Journal 9

When Freud did his psychological analysis of people, he took on the task of interviewing people, and trying to understand what they really thought. From everything that our book presents to us, and even moreso from our limited required reading, there is no possible way to understand someone's true thoughts. The Norton version claims that these sonnets were likely produced unauthorized. They very well might have been fictional, glimpses into thoughts that Shakes had for a moment or two (very Freudian concept) that reveal his true tendencies, or they could be edited misinterpretations of Shakespeare. To analyze literature that has so many questions around it isn't too much of a problem, it is when you expect to find Shakes' personality within the literature that you run into problems. Freud was looking to discover people and the only person you will discover through your Shakespeare reading is yourself. "Since the world began and men have killed one another no one has ever committed such a crime against his fellow man without comforting himself with this same idea. This idea is le bien public, the hypothetical welfare of other people." (Tolstoy's War and Peace)
We have been reading to discover Shakespeare, but have been using him as a means to justify ourselves.

Thus, when I read "That I may not be so, nor thou belied,
Bear thine eyes straight, though thy proud heart go wide." I see through my eyes that this lines up so perfectly with the idea of the "straight and narrow path," and see Shakespeare in the same struggle I face to not fall into depression at the way our miserable world works, but to keep my eyes on something different.

"Do I not think on thee, when I forgot
Am of myself, all tyrant, for thy sake?" Just read that Tolstoy quote again. Shakes is facing the same thing I read after reading that quote. Have I become a terrible person with the excuse that it is for others?

"But why of two oaths' breach do I accuse thee,
When I break twenty? I am perjured most;"
I feel you, bro. Shakes me and you are both monsters realizing how terrible we are compared to the few troubles most people have.

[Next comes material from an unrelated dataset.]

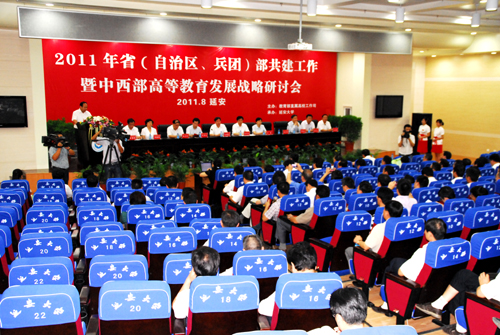 本网讯 今天下午,2011年省(自治区、兵团)部共建工作暨中西部高等教育发展战略研讨会开幕式在我校图书馆学术报告厅举行,教育部党组副书记、副部长杜玉波,陕西省委副书记、省委教育工委书记王侠,省委教育工委副书记、省教育厅厅长杨希文,陕西省委教育工委委员、省政府教育督导团总督学曹普选,中共延安市委副书记、市长梁宏贤,我校党委书记刘建德,教育部直属高校工作司副司长贾德永,直属高校工作司副巡视员牛雁冰,延安市委常委、副市长冯继红,以及各共建高校主要负责同志和分管部门负责人等100余名代表参加了开幕式。开幕式由我校党委副书记、校长崔智林主持。

Hmm... (AKA I can't think of a better title)

The idea of a biased perspective is certainly a valid one; we all approach things from different angles dependent on who we are as a person, our upbringing and life experiences, etc. That interested me a lot; it was my perception that Shakespeare was a very id-oriented and sexual person...but as I type this, I am listening to (and ok, dancing too as well), Lady GaGa's "LoveGame". Maybe it is my own sexuality that makes me see him in such a light, while your perspective of struggling to live based on a "straight and narrow" path was completely foreign to me and I had not thought of that before.

Obviously we will never know, but it's fun to speculate, and even more fun to find a way to relate to one of the world's most renowned literary geniuses.

I liked the Tolstoy quote in conjunction with Shakespeare; a good mixture, I think.
-Hilary

I love Tolstoy

We should have a class on Leo Tolstoy offered at school.
It's tough to analyze Shakespeare because considering how much I think I am effected by my surroundings (my super ego or ego maybe), Shakes would have been too. Since we haven't looked much into what was going on around him when he was writing these, it is hard to tell what is id and what isn't. Crazy history. One of my biggest questions with life is: at what point do we forget (lose) history?
Ryan K Bishop

Awesome!

I really enjoyed your take on the Freudian analysis. The sonnets do take on entirely different meanings when we take them one by one or even line by line and relate them to our lives. Although, I do wonder, if you had to say one thing you can tell about Shakes from these poems... what would you say you can tell about him?

-Renee Ward

One thing

I have a lot of different theories. I think the one thing we can certainly deduce is that Shakes is just as human as all of us. He has had glimpses into thoughts good and bad. The thing is Shakes had a life before the first quatrain of sonnet one and had a life after the very last couplet.